TSV Kleinrinderfeld
- Full name: Turn- und Sportverein Kleinrinderfeld e. V.
- Founded: 1923
- Ground: Sportanlage Deutschherrenstraße
- Capacity: 1,500
- Manager: Harald Funsch
- League: Landesliga Bayern-Nordwest (V)
- 2015–16: 5th
| Home colours | Away colours |

= TSV Kleinrinderfeld =

The TSV Kleinrinderfeld is a German association football club from the town of Kleinrinderfeld, Bavaria.

The club's greatest success came in 2012 when it qualified for the new northern division of the expanded Bayernliga, the fifth tier of the German football league system but it lasted for only one season at this level before being relegated again.

==History==
For most of its history the club has been a non-descript amateur side in local Bavarian football. The club was formed as ATSV Kleinrinderfeld in 1923 as a working men's sports club. Because of this background ATSV was outlawed by the Nazis in 1933 and it took until 1937 for a new club to be granted permission to form, the TSV Kleinrinderfeld.

From 1990 onwards the club played in the Bezirksliga Unterfranken-Mitte. It changed to the western division in 1993 and earned promotion to the Bezirksoberliga for the first time.

Kleinrinderfeld played for two seasons in the Bezirksoberliga Unterfranken from 1994 to 1996, finishing third in its first year but being relegated the season after. It made an immediate return to the Bezirksoberliga in 1997 and played another four seasons at this level, now with a seventh place as its best result. Relegated again in 2001 the club would not return to this league for the next seven seasons.
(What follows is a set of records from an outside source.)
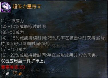 【在这里强烈推荐力量符文,目前版本的力量符文改得属性强到爆,加7%全伤,45%威能持续时间;】
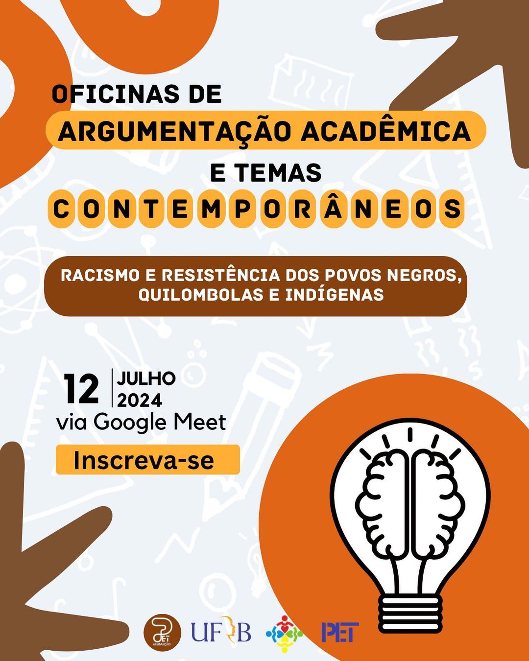 esta sexta (12/07), ocorre a nossa oficina “Racismo e Resistência dos Povos Negros, Quilombolas e Indígenas”. A oficina será ministrada por representantes do grupo PET AFIRMAÇÃO e mediada por Kaila Barreto.A oficina visa dialogar acerca dos métodos de enfrentamento ao Racismo a partir de vivências, produções e dinâmica de trabalho do Grupo Pet Afirmação.Nosso encontro está marcado para às 14:00 e o link de acesso será disponibilizado no grupo do WhatsApp para os participantes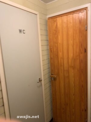 ドアを入ると左右に脱衣所浴室のドアがあり、左右いずれの浴室からも中央にあるサウナに行けるようになってます。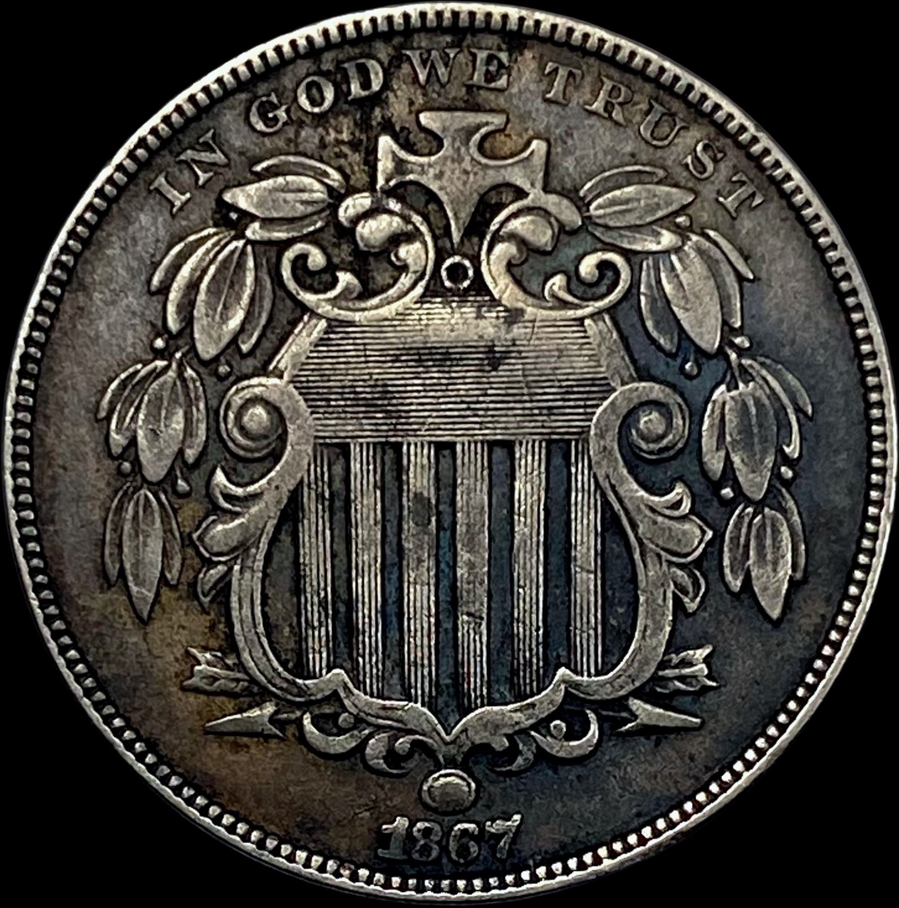 1867 Shield Nickel NEARLY UNCIRCULATED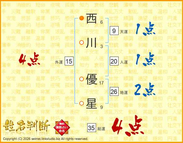 西川優星さんの地運は26画の2点!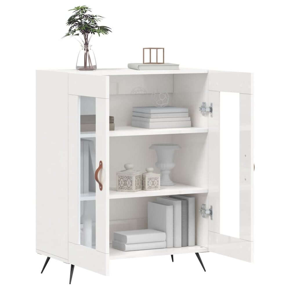 Aparador 69,5x34x90 cm madeira processada branco brilhante - PORTES GRÁTIS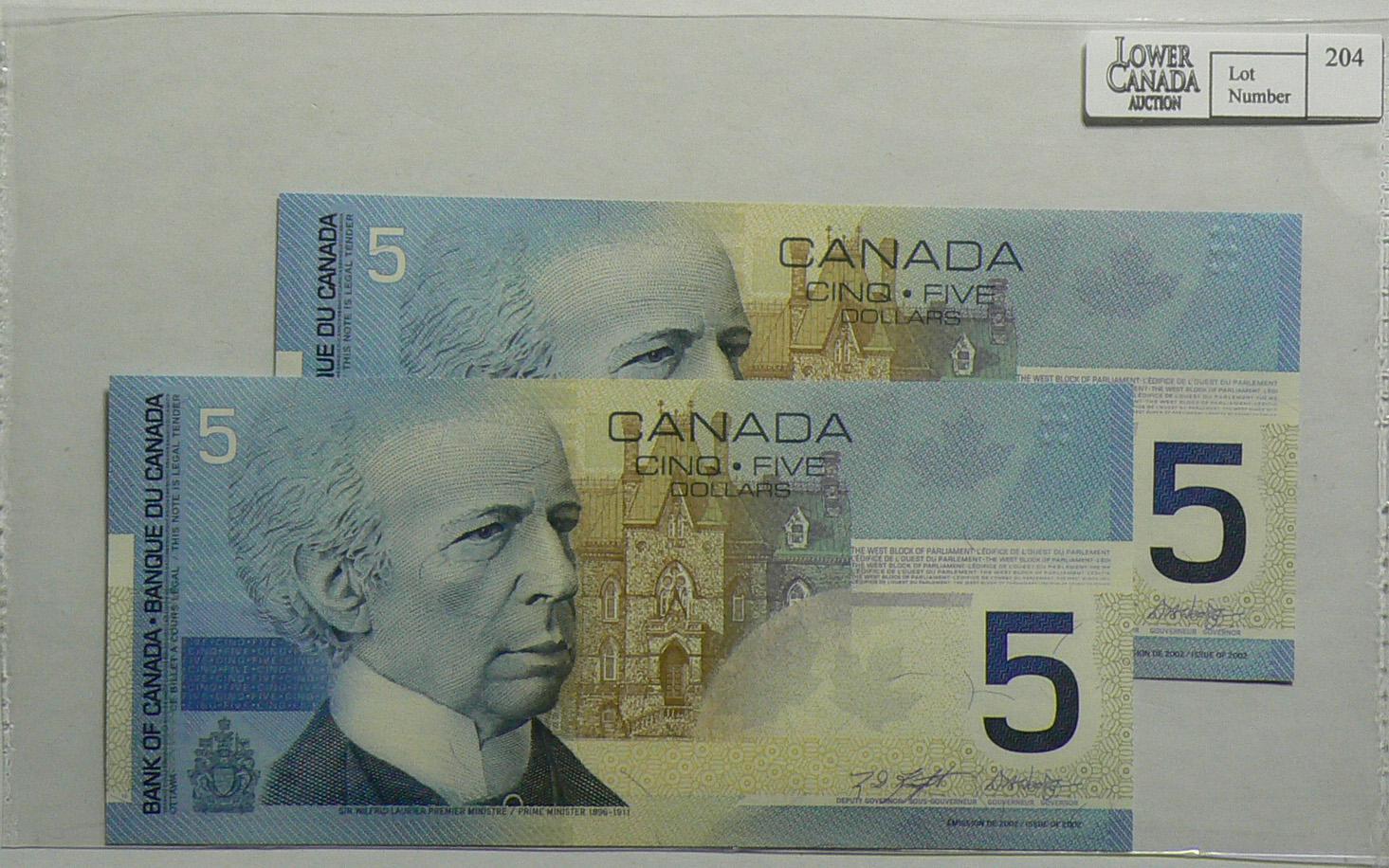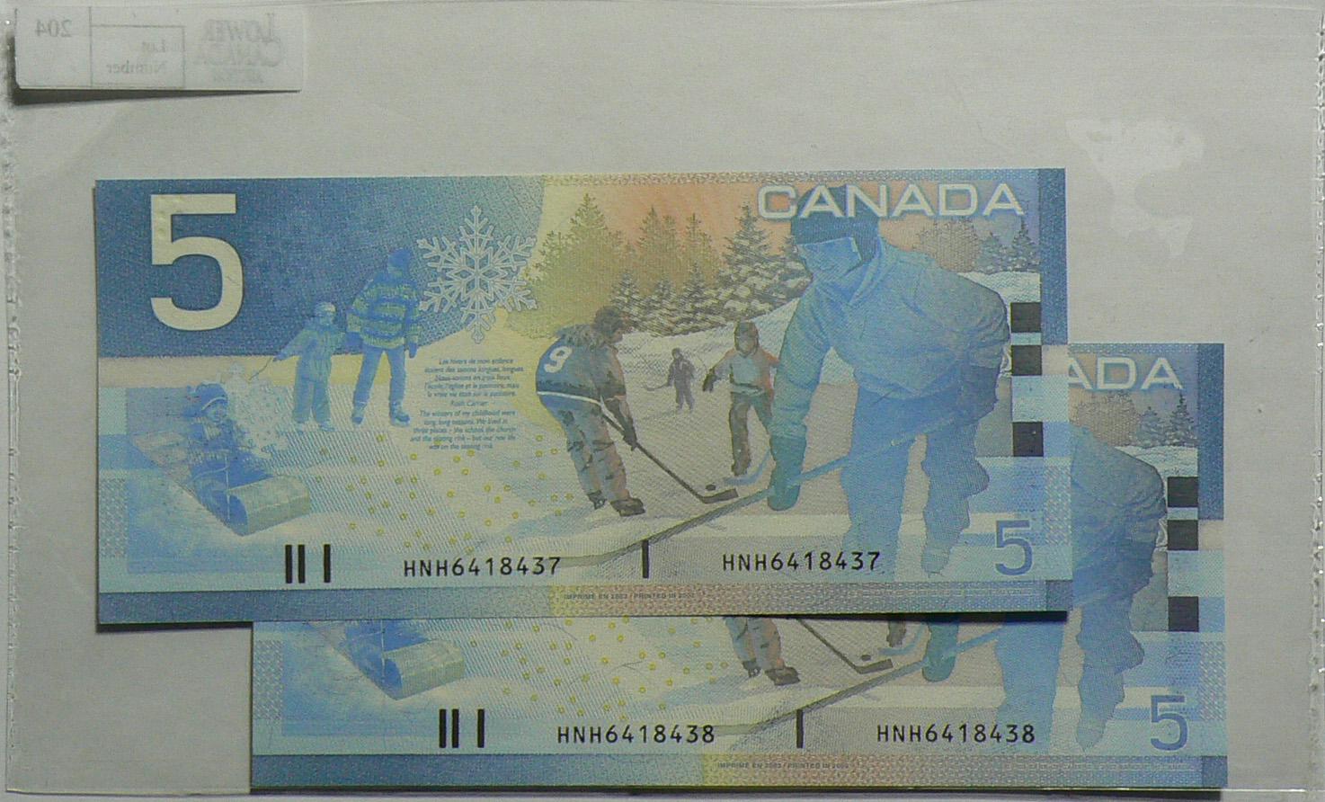 2003 Five Dollars 2 Consecutive Replacement, BC-62aA-i, GEM UNC, Knight Dodge, serial HNH6418437-38, insert range 6.400M - 6.580M.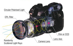 | ฟิลเตอร์ยอดนิยมอีกชิ้นที่นักถ่ายภาพสถาปัตยกรรม วิวทิวทัศน์ มักมีติดกระเป๋า เพื่อช่วยตัดแสงสะท้อนจากใบไม้ พื้นน้ำ กระจก หรือท้องฟ้า ให้สดใส และชัดเจน คล้ายกับเวลาใส่แว่นกันแดด โดยใช้มือหมุนกรอบด้านบนให้ตัดแสงโพลาไรซ์จนกว่าจะพอใจ ผลของภาพที่ได้จะเข้มขึ้น แต่ก็มีอัตราการเสียแสงตั้งแต่ 1-2 สต็อป |

After two seasons in the Bezirksliga Kleinrinderfeld dropped down to the Kreisliga for a season in 2003 but made an immediate return. Another four Bezirksliga seasons followed before a league title took the club back up to the Bezirksoberliga.

After promotion back to the Bezirksoberliga in 2008 Kleinrindefeld played the next three seasons in this league, achieving good results, culminating in a runners-up finish in 2011 and promotion to the Landesliga.

The club played the 2011–12 season in the Landesliga Bayern-Nord and came seventh which was sufficient to qualify it for the new northern division of the expanded Bayernliga. TSV lasted for only one season at this level, finishing last and being relegated to the Landesliga Bayern-Nordwest, where it plays today.

==Honours==
The club's honours:
- Bezirksoberliga Unterfranken
  - Runners-up: 2011
- Bezirksliga Unterfranken
  - Champions: 2008
  - Runners-up: 1992, 1994, 2002, 2007

==Recent seasons==
The recent season-by-season performance of the club:

| Season | Division | Tier | Position |
| 1999–2000 | Bezirksoberliga Unterfranken | VI | 11th |
| 2000–01 | Bezirksoberliga Unterfranken | 13th ↓ |
| 2001–02 | Bezirksliga Unterfranken-Mitte | VI | 2nd |
| 2002–03 | Bezirksliga Unterfranken-Mitte | 13th ↓ |
| 2003–04 | Kreisliga | VIII | ↑ |
| 2004–05 | Bezirksliga Unterfranken-Mitte | VII | 5th |
| 2005–06 | Bezirksliga Unterfranken 1 | 6th |
| 2006–07 | Bezirksliga Unterfranken 1 | 2nd |
| 2007–08 | Bezirksliga Unterfranken 1 | 1st ↑ |
| 2008–09 | Bezirksoberliga Unterfranken | 5th |
| 2009–10 | Bezirksoberliga Unterfranken | 8th |
| 2010–11 | Bezirksoberliga Unterfranken | 2nd ↑ |
| 2011–12 | Landesliga Bayern-Nord | VI | 7th ↑ |
| 2012–13 | Bayernliga Nord | V | 18th ↓ |
| 2013–14 | Landesliga Bayern-Nordwest | VI | 7th |
| 2014–15 | Landesliga Bayern-Nordwest | 7th |
| 2015–16 | Landesliga Bayern-Nordwest | 5th |
| 2016–17 | Landesliga Bayern-Nordwest |  |

- With the introduction of the Bezirksoberligas in 1988 as the new fifth tier, below the Landesligas, all leagues below dropped one tier. With the introduction of the Regionalligas in 1994 and the 3. Liga in 2008 as the new third tier, below the 2. Bundesliga, all leagues below dropped one tier. With the establishment of the Regionalliga Bayern as the new fourth tier in Bavaria in 2012 the Bayernliga was split into a northern and a southern division, the number of Landesligas expanded from three to five and the Bezirksoberligas abolished. All leagues from the Bezirksligas onwards were elevated one tier.